Reaching out and grasping an object requires the processing of its precise location with respect to our hand and the integration of the object's intrinsic properties such as its size and shape. These visual attributes have then to be transformed into an appropriate motor command that will guide and shape our hand for efficient grasp of the object. The safe and efficient application of fingertip forces to the object requires that this command takes into account the biomechanical interactions all along the multi-articulate bony chain linking the proximal arm to the wrist, hand and phalanges.

Recent studies provide new insights about which brain areas are involved in the fast processing mechanisms underlying grasp, and how grasp-related visual and motor information is transferred between the involved areas.
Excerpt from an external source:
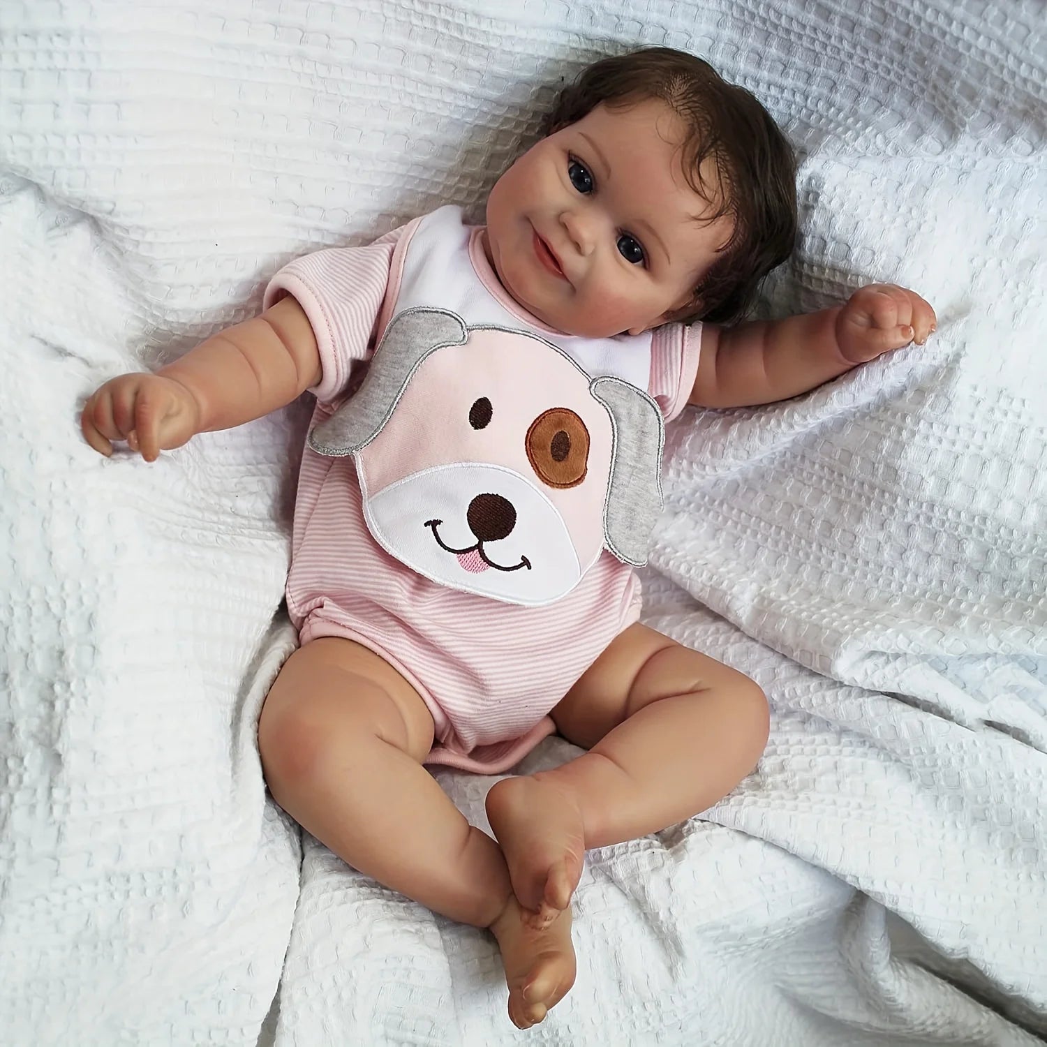 Meet Emma, a sweet and lifelike reborn baby girl doll designed with meticulous attention to detail. Measuring approximately 19–20 inches (43–50 cm), Emma has a gentle expression and realistic proportions, making her perfect for collectors, play, or display. Her soft touch and delicate features bring the charm of a real newborn to any collection.

Moreover, recent findings suggest interactions between the object recognition system in the ‘ventral’ occipito-temporal stream and the system controlling goal-directed actions in the ‘dorsal’ occipito-parietal stream. These interactions could be important as a means of mediating the details of an object's properties to the dorsal stream in order to fine-tune the motor command for grasping it.
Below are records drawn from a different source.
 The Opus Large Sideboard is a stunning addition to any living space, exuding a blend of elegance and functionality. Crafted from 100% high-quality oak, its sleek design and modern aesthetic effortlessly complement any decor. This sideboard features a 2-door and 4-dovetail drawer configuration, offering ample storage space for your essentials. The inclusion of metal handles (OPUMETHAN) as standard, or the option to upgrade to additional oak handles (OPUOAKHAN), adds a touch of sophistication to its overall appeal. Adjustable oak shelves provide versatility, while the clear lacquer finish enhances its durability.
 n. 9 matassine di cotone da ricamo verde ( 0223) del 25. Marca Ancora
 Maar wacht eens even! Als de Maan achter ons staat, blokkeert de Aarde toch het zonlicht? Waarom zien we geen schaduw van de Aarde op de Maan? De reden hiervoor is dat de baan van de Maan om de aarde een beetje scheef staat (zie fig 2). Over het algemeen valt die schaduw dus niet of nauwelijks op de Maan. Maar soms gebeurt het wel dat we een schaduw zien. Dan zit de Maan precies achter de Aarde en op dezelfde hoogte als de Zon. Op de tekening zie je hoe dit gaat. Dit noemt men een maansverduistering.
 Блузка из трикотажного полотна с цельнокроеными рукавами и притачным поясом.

What is represented in the different components of the visuomotor cortical network for skilled grasp?

The classical model of the neural control of reaching and grasping movements proposes that areas located in the antero-lateral portion of the intraparietal sulcus (IPS) integrate grasp-related information about an object whereas a more postero-medial region of the IPS contributes to the planning of reaching movements towards the object. The anterior intraparietal area (AIP) contains visual and visuomotor neurons that are activated by a particular type of grasp [2,3], while the medial intraparietal area (MIP) and V6A contain neurons associated with a particular direction of reach [4]. On the convexity of the inferior parietal lobule, areas PF, PFG and PG are also organised in a somatotopic gradient and show object-related sensorimotor properties related to mouth, hand and arm movements, respectively [5].
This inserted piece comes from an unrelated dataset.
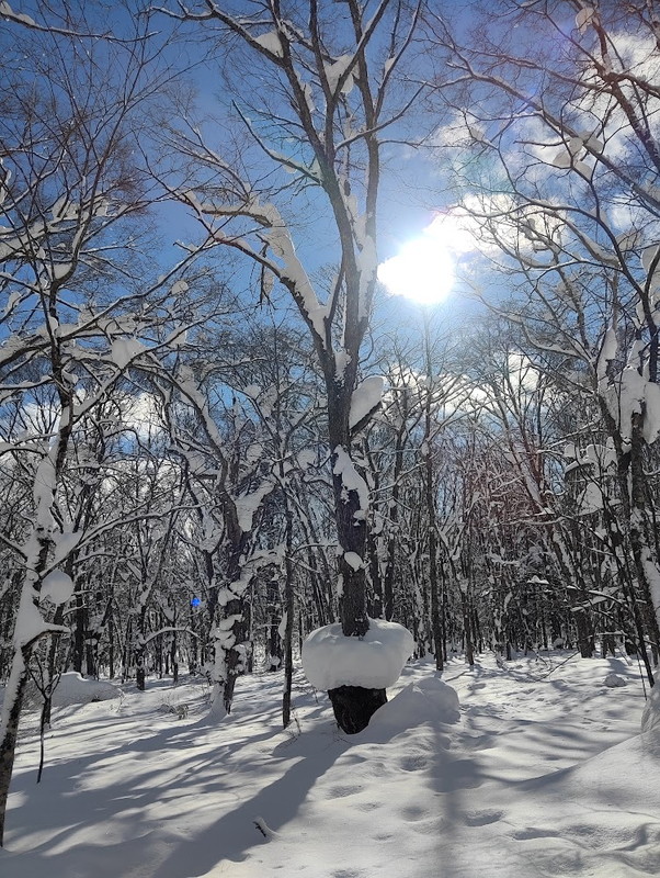 奥社入口から鏡池をまわって随神門まではワカンかスノーシューで、歩く人も少なく静寂な林の中を進みます。

All these structures feature in modern views of the reach and grasp network (Figure 1; [6]). In order to show grasp-related selectivity of neurons in many component areas of the network it has been necessary to test a wide range of grasps [2,7,8]. This approach first demonstrated that area F5, the rostral part of the ventral premotor cortex (PMv) in the macaque monkey, contains visuomotor and motor neurons that are selectively active while the animal is fixating and grasping objects of a particular shape using a particular range of grasps [8-10]. This kind of detailed study led to the concept of ‘canonical’ neurons in area F5 that are thought to form a motor repertoire of possible grasping actions [11]. In terms of the F5 signals that might be used to control a grasping prosthesis via a Brain–Machine Interface, it is important to note that not only spike activity but also local field potentials recorded from F5, which represent net excitatory and inhibitory dendritic synaptic potentials, were found to be grasp-specific during steady hold of an object [12].

Figure 1

Anatomical connections of the cortical grasping network based on tract tracing in non-human primates (from Grafton, 2010). Anatomic labelling is approximate. The anterior intraparietal area (AIP) is a key node for processing grasp-related object properties. AIP is part of the dorsolateral ‘grasping’ circuit (in red). It receives inputs from areas located in the dorsal stream (inferior parietal lobule [PF, PFG, PG] and the lateral intraparietal area [LIP], in purple) and from areas in the ventral stream (secondary somatosensory cortex [SII], infero-temporal [TEa/TEm, TEp, TEo] and medio-superior temporal lobule [MST], in green). These inputs provide AIP with real-time details about an object's properties together with stored knowledge about its identity. AIP makes reciprocal connections with ventral premotor area (PMv/F5) that in turn is reciprocally connected to the primary motor cortex (M1) hand area. These AIP–F5–M1 interactions are grasp-specific and crucial for controlling visually guided grasp. The dorsomedial ‘reach-to-grasp’ circuit (in blue) involves area V6A (see Ref. [14]). It is connected with the medial intraparietal area (MIP), LIP, PG, MST, mesial parietal areas (PEc and PGm) and the dorsal premotor cortex (PMd, PMdr).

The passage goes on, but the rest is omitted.